Das Bundesprogramm „Demokratie leben!“ wurde 2014 unter der damaligen Familienministerin Manuela Schwesig ins Leben gerufen und startete offiziell zum 1. Januar 2015. Es knüpfte an ältere Programme gegen Rechtsextremismus und zur Demokratieförderung an.  

Die Kosten sind im Lauf der Jahre massiv gestiegen:

  • 2015: ca. 40,5 Mio. Euro
  • 2016: ca. 50 Mio. Euro
  • 2017: ca. 104,5 Mio. Euro
  • ab 2020 dauerhaft deutlich über 100 Mio. Euro jährlich
  • 2023/2024: jeweils rund 182 Mio. Euro
  • 2025/2026: knapp 190–200 Mio. Euro geplant  

Wenn man die bekannten Jahresetats seit 2015 grob zusammenrechnet, landet man inzwischen bei deutlich über 1,5 Milliarden Euro Gesamtvolumen — vermutlich eher Richtung 1,7 bis 1,8 Milliarden Euro inklusive der aktuellen Förderperiode.

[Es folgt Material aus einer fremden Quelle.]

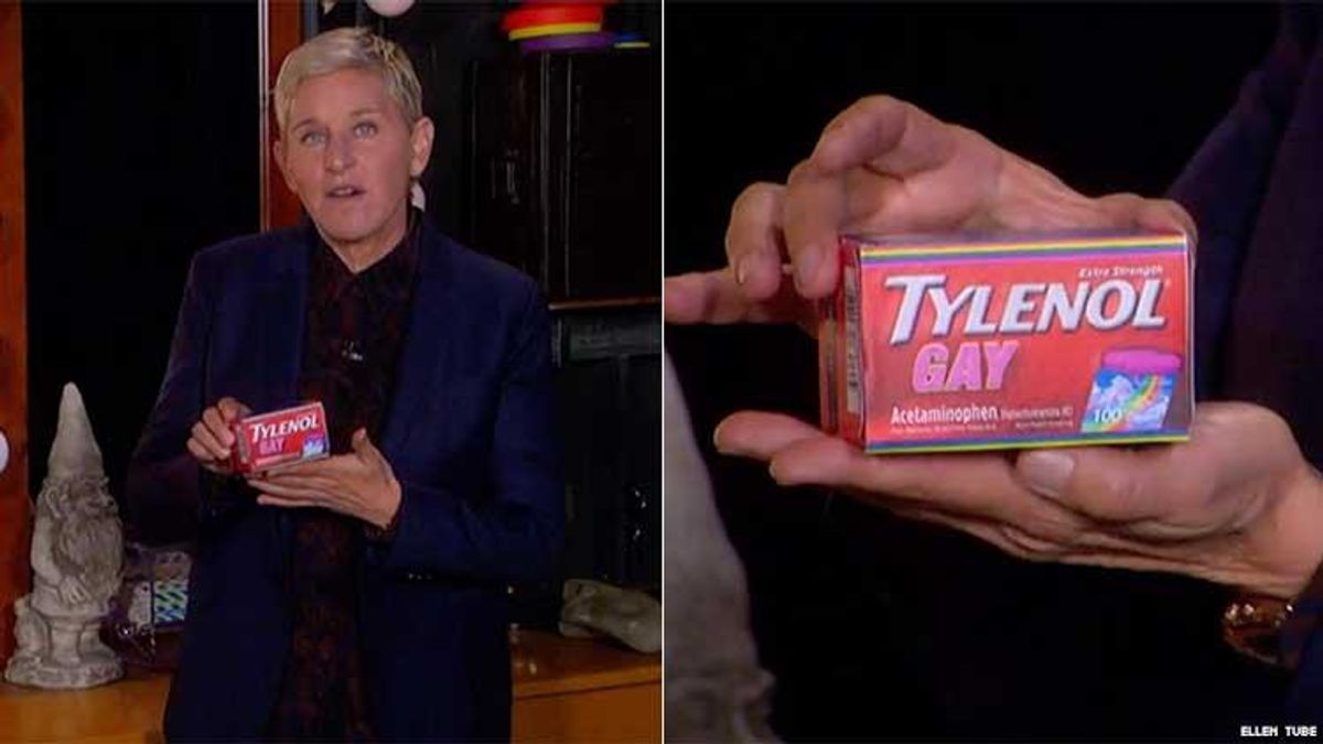 To counter this epidemic, Ellen DeGeneres pitched a new (fake) medication: Tylenol Gay.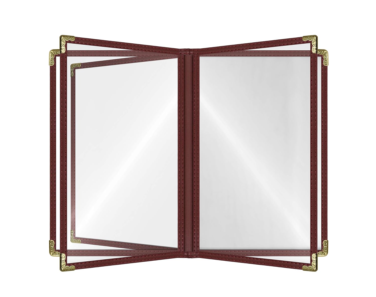 • ✅Sophisticated Burgundy Aesthetic: Designed with a deep burgundy trim and elegant gold decorative corners, these menu covers exude a refined and professional appearance, making them perfect for fine dining establishments, cafes, or upscale bars.

Genau daran entzündet sich inzwischen die Kritik. Selbst der Bundesrechnungshof bemängelte unklare Zieldefinitionen und Schwierigkeiten bei der Erfolgskontrolle. Teilweise sei kaum messbar gewesen, ob die Programme tatsächlich gesellschaftliche Effekte erzielt hätten.  

Die Verteidiger des Programms argumentieren dagegen, Demokratiearbeit lasse sich nicht wie eine Fabrikbilanz messen. Man verhindere Radikalisierung oft unsichtbar, stabilisiere lokale Netzwerke und unterstütze Menschen, bevor Extremismus überhaupt entstehe.

Und genau zwischen diesen beiden Polen bewegt sich nun die Debatte um Karin Prien: Was ist notwendige Demokratieförderung — und was ist längst ein dauerhaft alimentiertes politisches Vorfeldmilieu geworden?